Spring break is over. It was a weird, wonderful week. A day trip to Genoa resulted in a spontaneous train to Nice, a wrong train, a missed train, and three days later back in Bologna. A trip down to a friend’s house in Puglia was all rain and no beach. But we compensated in food, drinks, and a long game of Monopoly, in which everyone embodied their national stereotypes (the Germans were good with money, the Italians lost the game early on, the Americans were pushy, and the Australian was belligerent). We cooked a lot of family dinners. We had a cliff-notes Ceder, a five-course Italian seafood extravaganza, and lots of American-style eggs (cheese, butter, cheese). Once, it stopped raining long enough to walk on the beach and take moody pictures of each other staring out into the waves.

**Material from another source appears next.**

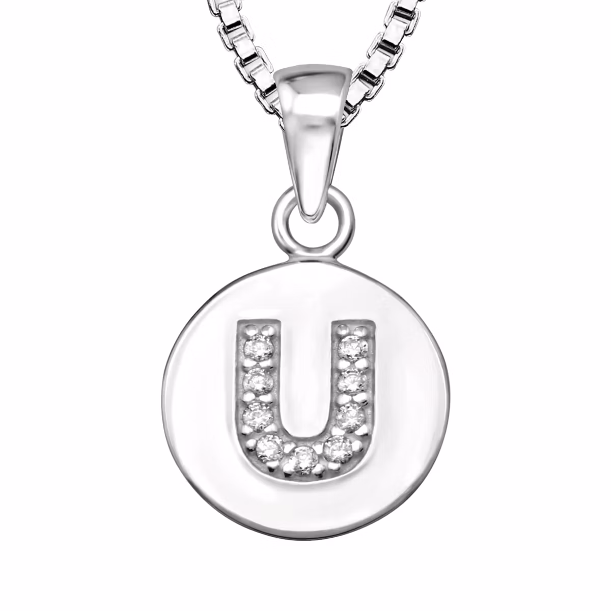 Fint bokstavshalsband i äkta 925 sterling silvers om är fint till en pojke. Ett barnhalsband med bokstavsberlock U. En bokstav fylld med glittrande cubic zirkonia stenar. Kedja medföljer, 35cm lång. Ett välgjort silverhalsband som är lika fint att ge bort som present till barn eller vuxen.
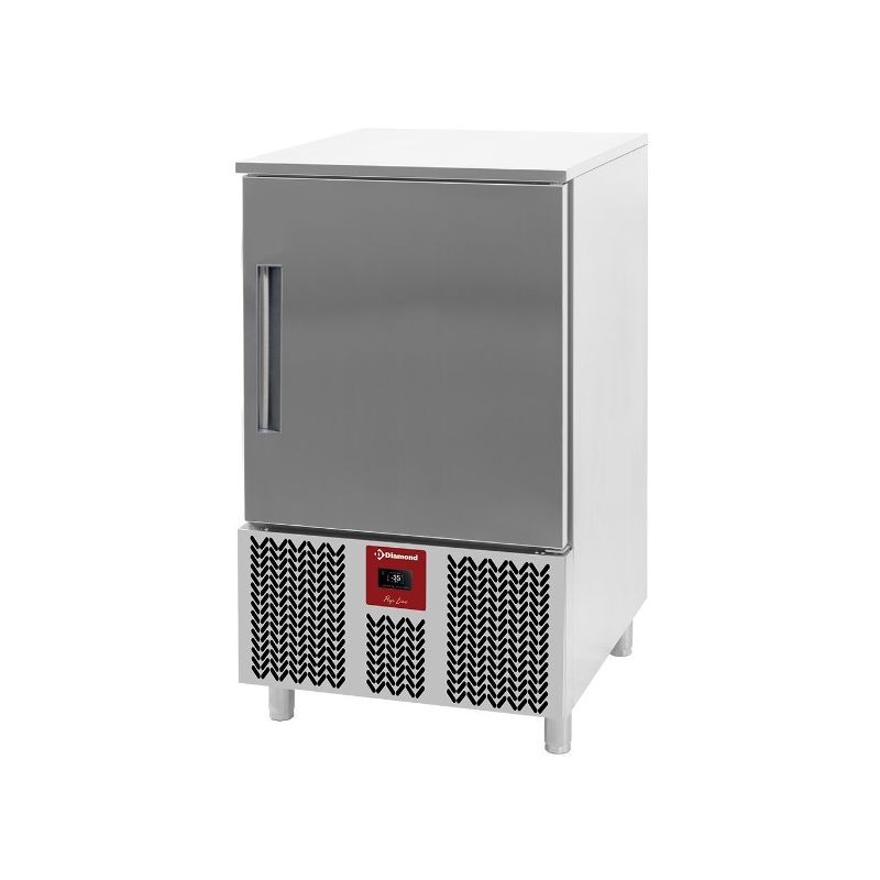 Régulateur avec afficheur lumineux de grandes dimensions, touches tactiles (IP65). Régulation des cycles de refroidissement ou congélation (avec fonction "Hard / Soft"), à temps ou à température (sonde à coeur). Mémorisation des alarmes HACCP, de divers programmes...... En liaison froide, la sécurité alimentaire passe par un principe de base: c.à.d. le passage de la température à coeur de +70°C à +3°C en 90 minutes (norme UK) ou +65°C à +10°C en 110 minutes (norme NF) et de +70°C à -18°C en 240 minutes (norme UK) ou +65°C à -18°C en 270 minutes (norme NF), les cellules Diamond vous garantissent le respect de toutes ces obligations.

I didn’t want to to back to Bologna, until I landed and realized how much it feels like home.
I am writing from Paris. It was stupid to have any expectations for this trip because this city is so unlike anywhere else I’ve ever been. It feels like five cities rolled into one. It feels realizing a childhood dream – kind of triumphant. I had such a cliche moment of overwhelmed at-peace-ness in the Musee d’Orsay in the Impressionist gallery, confronted with the originals of pictures I’d pored over in art history books as a kid. These things exist in reality.
Our weekend getaway corresponds with the first round of French presidential elections, so in between macaroons and museums, we’ve been nerdily talking French Politics. The main opposition candiate (Francois Hollande, of the socialist party) seems to garner the bulk of his support due to the fact that he is not Sarkozy. It seems a little like the Bush-Kerry election of 2004, where it was pretty universally acknowledged that Bush was a bad president, but nobody could get excited enough about any other candidate. On va voir in the second round. right now Hollande is ahead in vote counts.
Once I get back to Bologna tomorrow it will be non-stop until the end of the semester. Exams, last minute day trips, visa procurement, packing, shipping, and moving. This is why God invented caffeine.